I have no idea what any of this has to do with MaybeUninit<u8>, maybe you could elaborate on that?

The only thing I can imagine is that we could add a blanket impl: unsafe impl<T> Compatible<[MaybeUninit<u8>; size_of::<T>()]> for T { ... } since transmuting any type into a [MaybeUninit<u8>; N] of its size is safe for all types. I don't know how useful such an impl would be, given that MaybeUninit is an union, and whoever uses the [MaybeUninit<u8>; N] has no idea of whether a particular element of the array is initialized or not.

RalfJung commented 6 years ago

@gnzlbg back then you were talking about FromBits<T> for [u8]. That is where I say we have to use [MaybeUninit<u8>] instead.

joshlf commented 6 years ago

I discussed this proposal with @nikomatsakis at RustConf, and he encouraged me to go forward with an RFC. I was going to do it in a few weeks, but if there's interest, I can try getting one done this weekend. Would that be useful for this discussion?

RalfJung commented 6 years ago

@joshlf which proposal are you talking about?

gnzlbg commented 6 years ago

@RalfJung

@gnzlbg back then you were talking about FromBits for [u8]. That is where I say we have to use [MaybeUninit] instead.

Gotcha, fully agree here. Had completely forgotten that we also wanted to do that 😆

joshlf commented 6 years ago

@joshlf which proposal are you talking about?

A FromBits/IntoBits proposal. TLDR: T: FromBits<U> means that any bit pattern which is a valid U corresponds to a valid T. U: IntoBits<T> means the same thing. The compiler automatically infers both for all pairs of types given certain rules, and this unlocks lots of fun goodness that currently requires unsafe. There's a draft of this RFC here that I wrote a while back, but I intend to change large parts of it, so don't take that text as anything more than a rough guide.

RalfJung commented 6 years ago

@joshlf I think such a pair of traits would more build on top of this discussion than be part of it. AFAIK we have two open questions in terms of validity:

Does it recurse below references? I more and more strongly think it should not, as we see more examples. So likely we should adapt the MaybeUninit::get_mut docs accordingly (it is not actually UB to use that before completing initialization, but it is UB to dereference it before completing initialization). However, we first have to make that decision for validity, and I am not sure what the right venue is for that. Probably a dedicated RFC?
Does a u8 (and other integer types, floating point, raw pointer) have to be initialized, i.e., is MaybeUinit<u8>::uninitialized().into_inner() insta-UB? I think so, but mostly based on a gut feeling that we want to keep the places where we allow poison/undef to a minimum. However, I could be persuaded otherwise if there are plenty of uses of this pattern (and I hope to use miri to help determining this).

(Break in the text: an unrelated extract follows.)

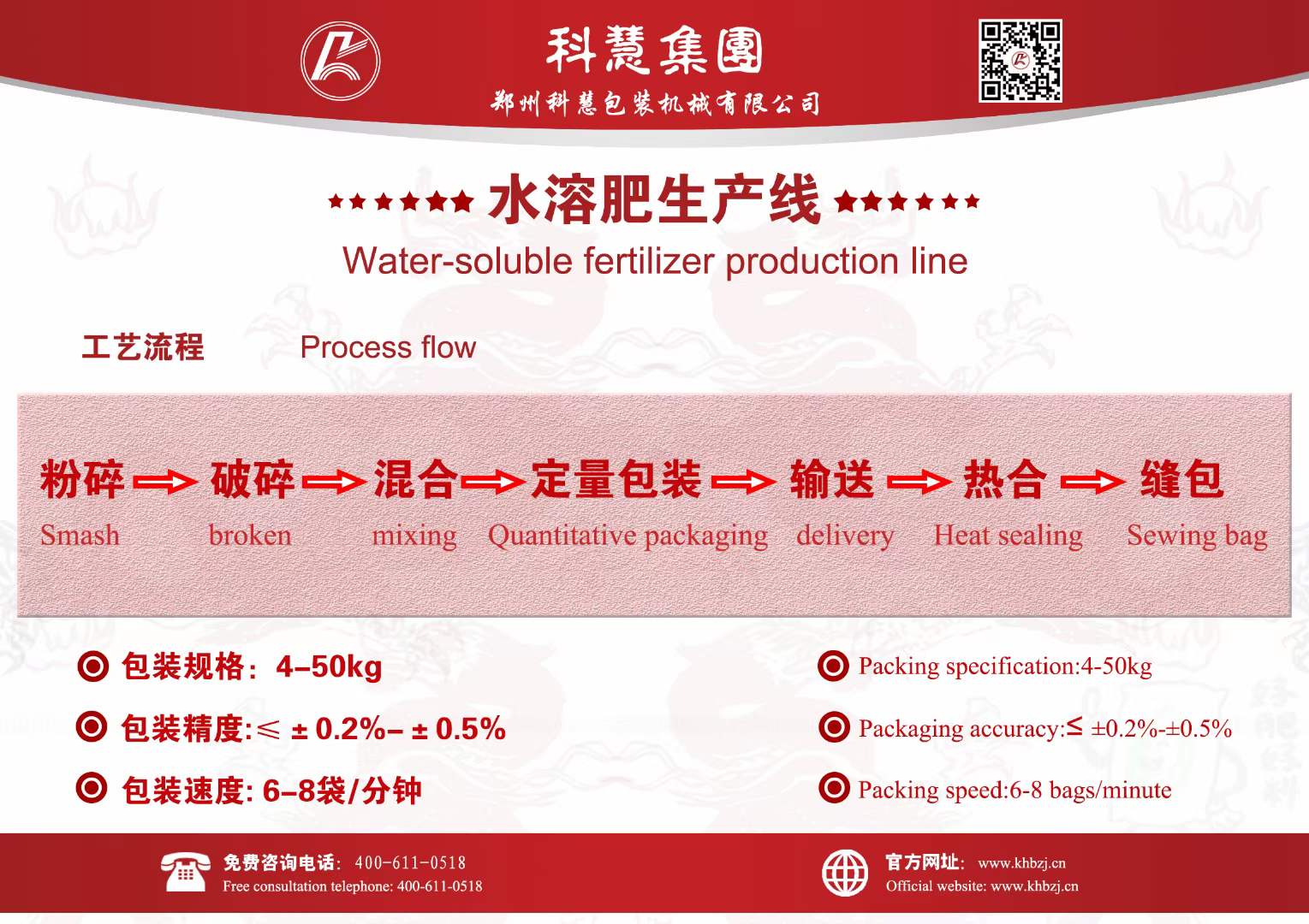 由KH-PD-PL型多斗式皮带配料秤、斗式提升机、搅拌机、KH-ZL-50自动定量包装机、GK35-6A缝包机、3米输送机、包装机缓存料仓、PLC电控柜构成。

gnzlbg commented 6 years ago

Does it recurse below references?

@RalfJung can you show an example of what you mean with "recursing below references"?

Does a u8 (and other integer types, floating point, raw pointer) have to be initialized, i.e., is MaybeUinit::uninitialized().into_inner() insta-UB?

What happens if it isn't instant UB? What can I do with that value? Can I match on it? If so, is the program behavior deterministic?

I feel like if I can't match on the value without introducing UB, then we have re-invented mem::uninitialized. If I can match on the value and the same branch is always taken across all architectures, opt-levels, etc. we have re-invented mem::zeroed (and are kind of making the use of the MaybeUninit type a bit moot). If the program behavior isn't deterministic, and changes with optimization levels, across architectures, depending on external factors (like whether the OS gave the process zeroed pages), etc., then I feel like we would be introducing a huge footgun into the language.

joshlf commented 6 years ago

Does a u8 (and other integer types, floating point, raw pointer) have to be initialized, i.e., is MaybeUinit<u8>::uninitialized().into_inner() insta-UB? I think so, but mostly based on a gut feeling that we want to keep the places where we allow poison/undef to a minimum. However, I could be persuaded otherwise if there are plenty of uses of this pattern (and I hope to use miri to help determining this).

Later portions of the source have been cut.